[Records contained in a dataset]
---------------
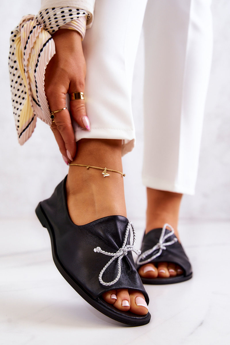 Zazoo 2660 Skórzane Baleriny Damskie Czarne
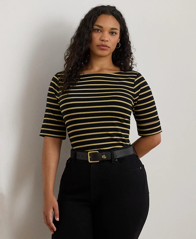 Lauren Ralph Petite Metallic Striped Boat Neck T-Shirt
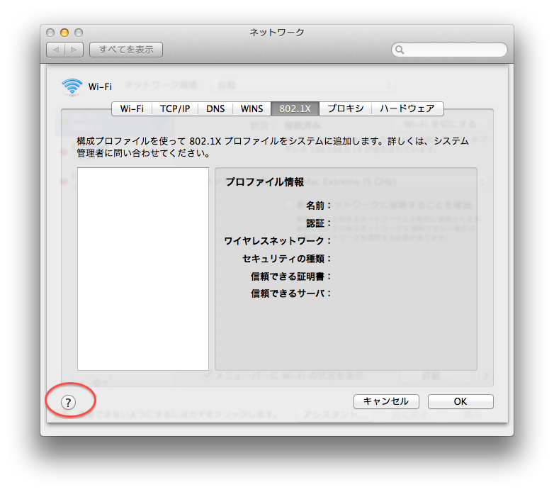 Wifiの詳細の802.1Xですが、特に何も設定していません。というか+ーボタン等も表示されておらず「キャンセル」「OK」「?」以外押せそうなものがありません。Control + 右クリックでもメニューがでる気配がありません。
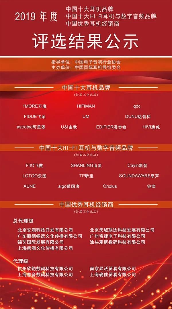 「中國十大耳機品牌」是由中國電子音響行業(yè)協(xié)會和中國國際耳機展組委會聯(lián)合舉辦的評選活動。評選結果由網(wǎng)絡投票、搜索熱度、營銷情況、產(chǎn)品獲獎以及企業(yè)規(guī)模、產(chǎn)值、專利數(shù)量等項目綜合計算得分,是音頻音響行業(yè)內最具分量的榮譽獎項之一。
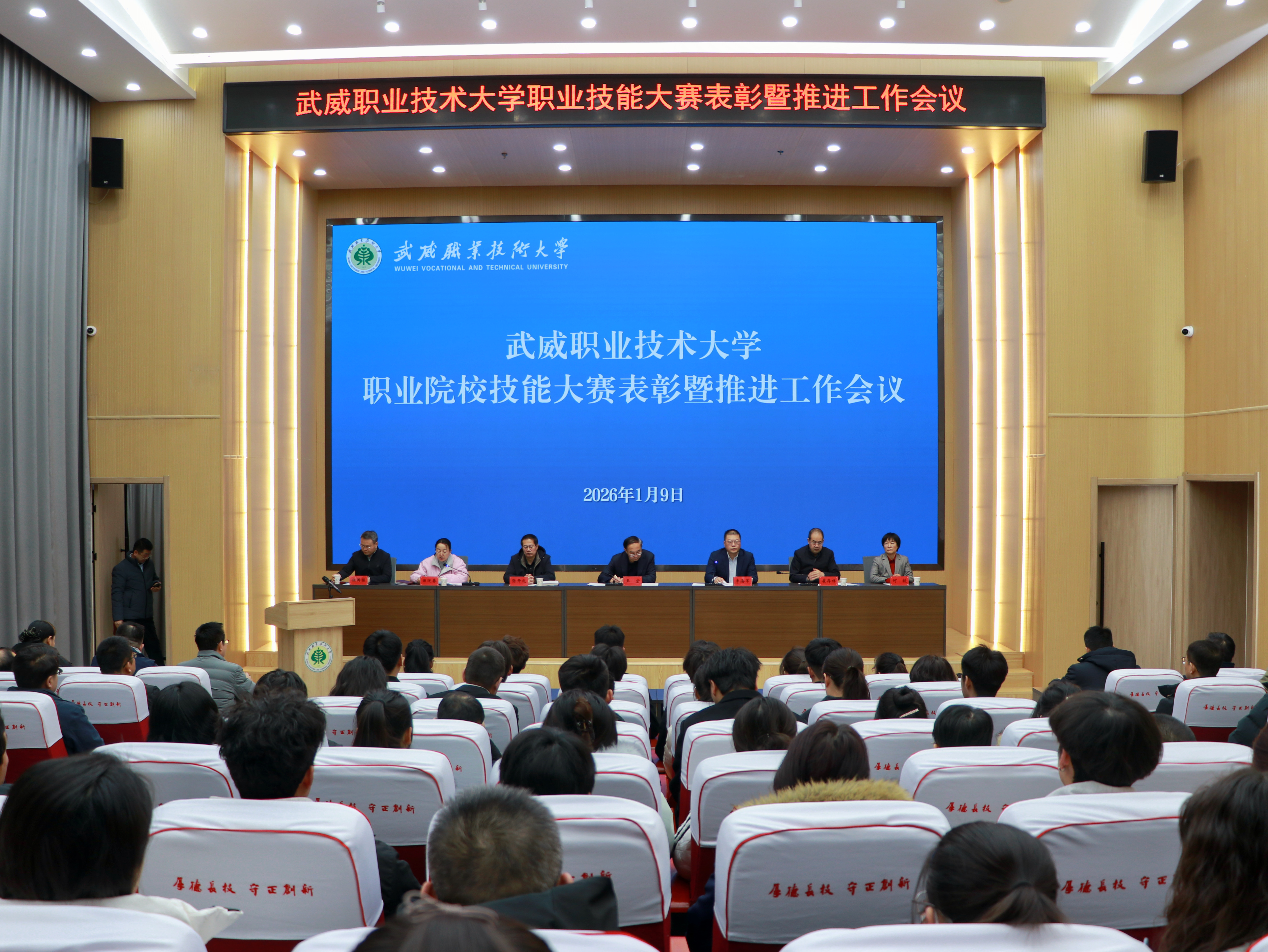 1月9日,武威職業(yè)技術(shù)大學(xué)召開職業(yè)院校技能大賽表彰暨推進(jìn)工作會議。黨委書記王宏出席會議并講話。在家校領(lǐng)導(dǎo)班子成員、各學(xué)院(部)及職能部門負(fù)責(zé)人、獲獎師生代表以及備戰(zhàn)2026年大賽的師生代表共同參會。校長李海軍主持會議。
---------------
WHAT THE EXERCISE ASKS: Return only the line with "Lauren Ralph Petite" and the lines after it up to the end of the records, exact and free of pictures.

WRITTEN SOLUTION:
 Lauren Ralph Petite Metallic Striped Boat Neck T-Shirt
 Wifiの詳細の802.1Xですが、特に何も設定していません。というか+ーボタン等も表示されておらず「キャンセル」「OK」「?」以外押せそうなものがありません。Control + 右クリックでもメニューがでる気配がありません。
 「中國十大耳機品牌」是由中國電子音響行業(yè)協(xié)會和中國國際耳機展組委會聯(lián)合舉辦的評選活動。評選結果由網(wǎng)絡投票、搜索熱度、營銷情況、產(chǎn)品獲獎以及企業(yè)規(guī)模、產(chǎn)值、專利數(shù)量等項目綜合計算得分,是音頻音響行業(yè)內最具分量的榮譽獎項之一。
 1月9日,武威職業(yè)技術(shù)大學(xué)召開職業(yè)院校技能大賽表彰暨推進(jìn)工作會議。黨委書記王宏出席會議并講話。在家校領(lǐng)導(dǎo)班子成員、各學(xué)院(部)及職能部門負(fù)責(zé)人、獲獎師生代表以及備戰(zhàn)2026年大賽的師生代表共同參會。校長李海軍主持會議。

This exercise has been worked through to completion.